Going to Debian’s home page is always an experience. Debian home page is no frills, and makes no claim to being simple to use, with hordes of people ready to help you if you have problems. Debian’s web site tells you about Debian and directs you to options you may choose concerning Debian.

Selecting ‘Getting Debian’ brought me to a page of download and installation options. I chose to download the small image file and copy it off to cd. This option downloads and installs most needed programs via internet connection. One caveat about this install, it does not support a wireless connection for the install.

The installation other than being hard wired to the net is about the same as any other installation.
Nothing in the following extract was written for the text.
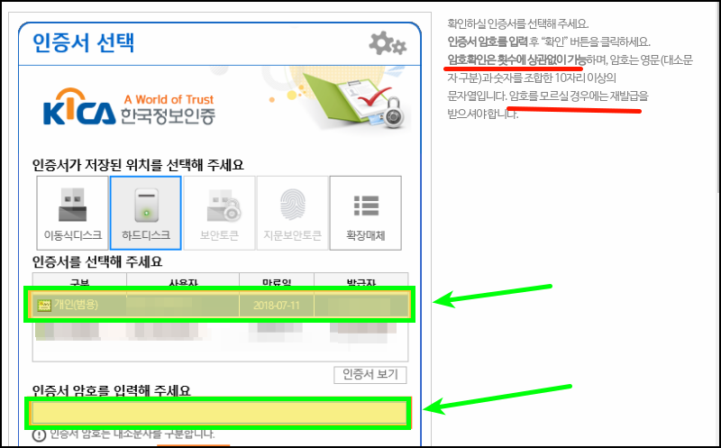 이렇게 공동인증서를 선택할 수 있는 창이 하나 열려요. 평소에 은행이나 관공서 사이트에 접속할 때와 유사한 모습인데요. 우측에 있는 안내를 보면 횟수 상관 없이 함호를 입력할 수 있다고 해요. 계속 자신이 주로 사용하는 비밀번호를 넣어보면서 암호찾기를 진행하면 돼요. 도저히 암호를 모르는 경우에는 공동인증서 재발급을 진행해야 해요. 암호찾기를 할 때 도움이 될만한 팁을 하나 알려드릴게요. 공동인증서 암호의 경우 영문(대소문자 구분)과 숫자를 조합한 10자리 이상의 문자열이에요. 이점을 감안하고 머릿속에서 암호를 찾아보면 도움이 될 거에요.

You need to have free space on your hard drive if you are going to dual boot. You need to create partitions. I use three partitions, Root, Home, and Swap. Debian installed painlessly, taking about twenty minutes or so, which is about average for an install.
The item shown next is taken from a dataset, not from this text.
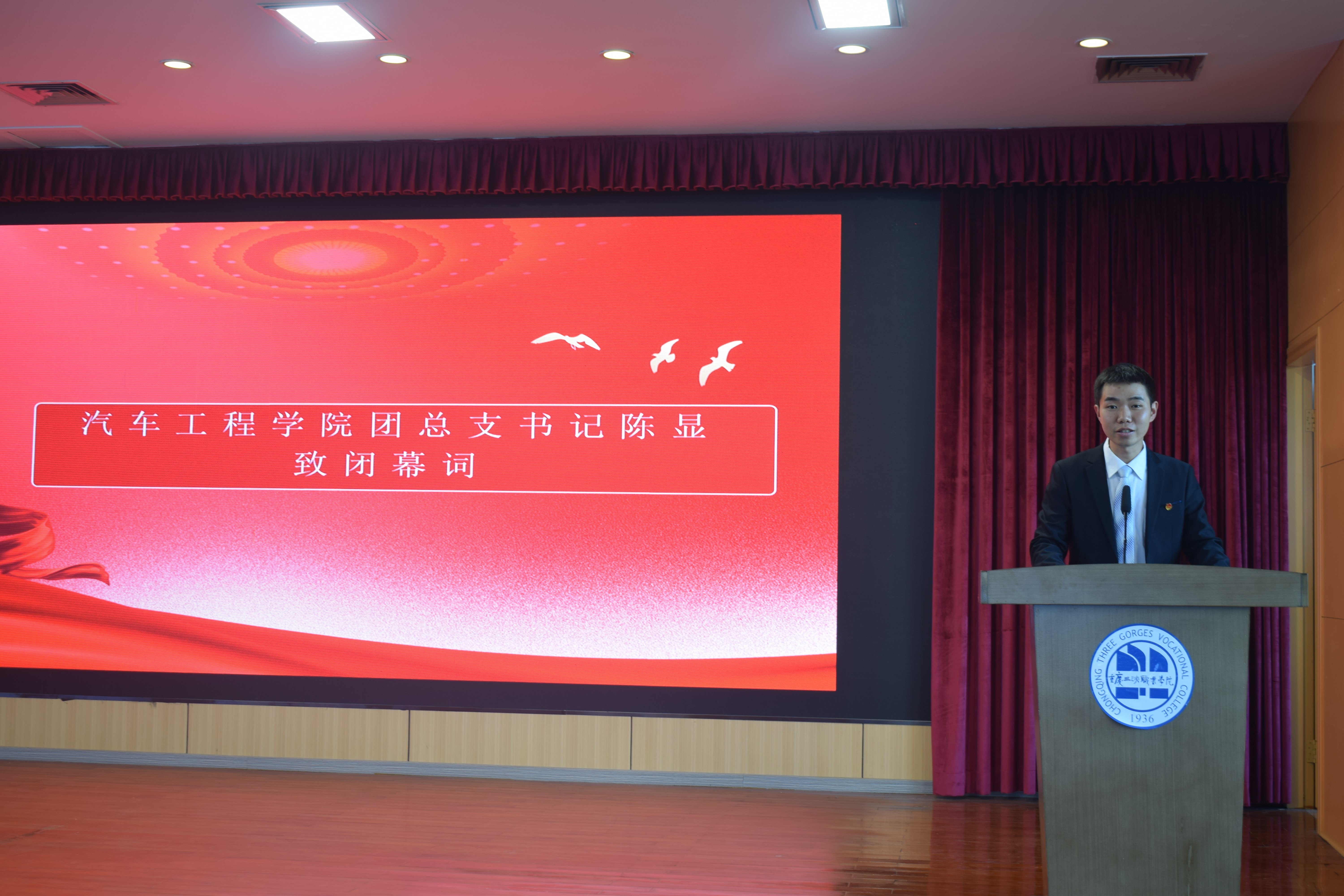 会议最后,汽车工程学院团总支书记陈显作总结发言,他首先代表汽车工程学院向全体与会代表及工作人员的付出表示感谢,向新当选的主席团成员表示热烈的祝贺。希望新一届的团学骨干要严于律己、志存高远、担当作为,团结带领全院青年砥砺前行,为自己的人生再添精彩华章!

Debian 64I now had a usable Debian install with a basic Gnome desktop. I could not see or hear an online video, listen to an mp3, or watch some other videos. I did not yet have a wireless connection according to the installation documentation I read.

This brought me to the interesting part of using Debian. Using Debian as general users use computers, you need to hunt down what you need, and sometimes it is not apparent what you need, or where to find it. While Debian’s website has excellent documentation, it assumes that the reader knows what they are looking for.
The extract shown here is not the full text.